「表層的な美しさの、その奥にあるものに迫りたい」と、美術家の井上廣子(ひろこ)さんは言う。1999年以降、ドイツと日本を行き来し、主に映像作品を制作。「命の根源」としての水を主題にした代表シリーズ「MIZU」を中心とする新作個展「Being the Stream」が、大阪市中央区のヨシアキイノウエギャラリーで開催中だ。
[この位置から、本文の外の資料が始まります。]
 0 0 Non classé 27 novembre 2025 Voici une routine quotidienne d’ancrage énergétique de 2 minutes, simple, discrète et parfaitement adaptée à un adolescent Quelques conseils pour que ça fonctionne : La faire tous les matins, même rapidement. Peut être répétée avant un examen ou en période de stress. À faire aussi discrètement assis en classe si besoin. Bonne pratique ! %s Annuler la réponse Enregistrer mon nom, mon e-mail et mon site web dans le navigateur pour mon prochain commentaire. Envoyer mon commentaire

縦1.5㍍、横1㍍の大画面を覆う無数の水の粒。暗がりの中、それらは銀色に輝き、目を凝らせばうっすらと虹が浮かび上がる。どしゃぶりの雨を思わせる光景はどこか幻想的で、美しくもある。本作を含む「MIZU」シリーズ約10点が展示室に並び、インスタレーションのように空間を構成。別の一室では、同じ場所で撮ったビデオ作品が2面の壁に投影され、水面を打つ激しい音がやむことなく流れる。
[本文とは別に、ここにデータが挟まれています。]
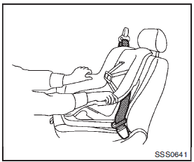 8. After attaching the child restraint, test it before you place the child in it. Push it from side to side while holding the child restraint near the seat belt path. The child restraint should not move more than 1 inch (25 mm), from side to side. Try to tug it forward and check to see if the belt holds the restraint in place. If the restraint is not secure, tighten the seat belt as necessary, or put the restraint in another seat and test it again.
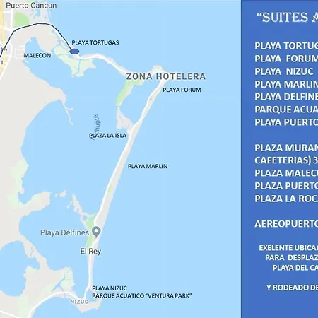 近くの観光スポットには,カンクンにあるSuites And Artから4.7キロメ-トル離れた所の28市場で,宿泊から自動車で約10分アレシ-フェスなどがあります. カンクンにあるホテルからスカセルまで歩いて約25分です. ホテルから2.9キロメ-トルトレス リオス エコパ-クなどの自然の景色も楽しめます. 遠方からお越しの方には,カンクン国際空港まで車で20分です.
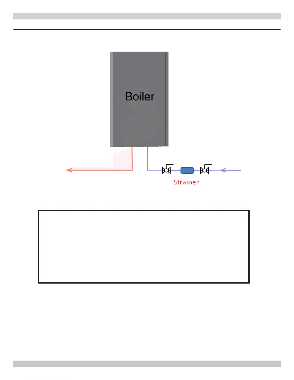 A strainer ltering potable water before entering the boiler is highly recommended to prevent
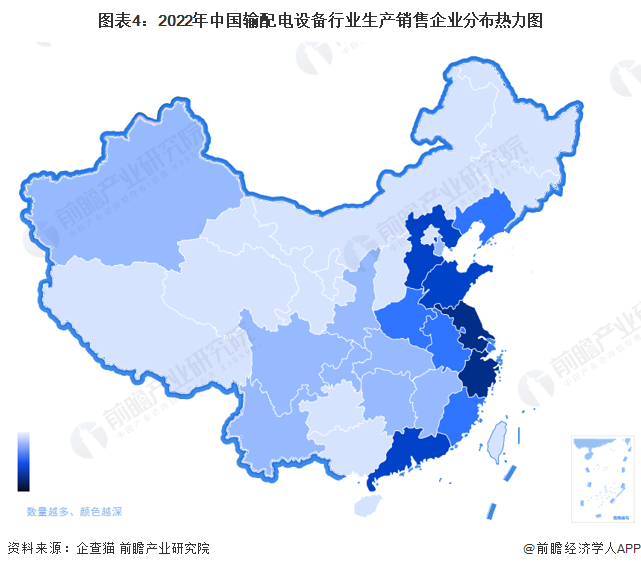 输配电设备产业链区域热力地图:东部沿海地区为主,江苏、浙江最为集中

一連の作品の撮影地はドイツのルール地方にある火力発電所。銀色の〝雨〟は有害物質を含む冷却水のシャワーであり、命を育む自然の雨と対比される。「かつて石炭や鉄鋼業で栄えた工業地帯は、ナチス・ドイツを資金面で支えた場でもある。現在の風景の背後にある歴史、その光と影を作品にしたかった」と井上さん。
ほとんど抽象的な「人工雨」のイメージは、情報の洪水に溺れ、先行きの不透明な現代社会をも映し出す。2014年に始めたシリーズを22年に撮り直した理由について、「新型コロナウイルスのパンデミック(世界的大流行)やロシアのウクライナ侵攻などさまざまな危機が続く今、一体何が起きているのか、表層の奥を問うこの仕事が改めて大事だと思った」と説明。「世界はよどみの中にいるけれど、デモなどで声を上げる若い世代が希望」とも話し、個展名には「小さな流れが大きなうねりになる」との願いを込めた。
阪神大震災をきっかけに「人間とは何か」という問題意識を抱き、社会性のある作品を手がけてきた。今展では、女性のポートレートに薬剤を塗ってひび割れを生じさせ、それを撮影した最新作も発表。亀裂は「コロナ禍で孤立を強いられた女性たちの心の傷」という。まるでクモの巣に捕らわれたような姿は、混迷の時代を生きる現代人の自画像でもある。現在、ドイツの難民キャンプで取材を続けており、同様の手法を用いたポートレートをシリーズ化する予定だ。24日まで。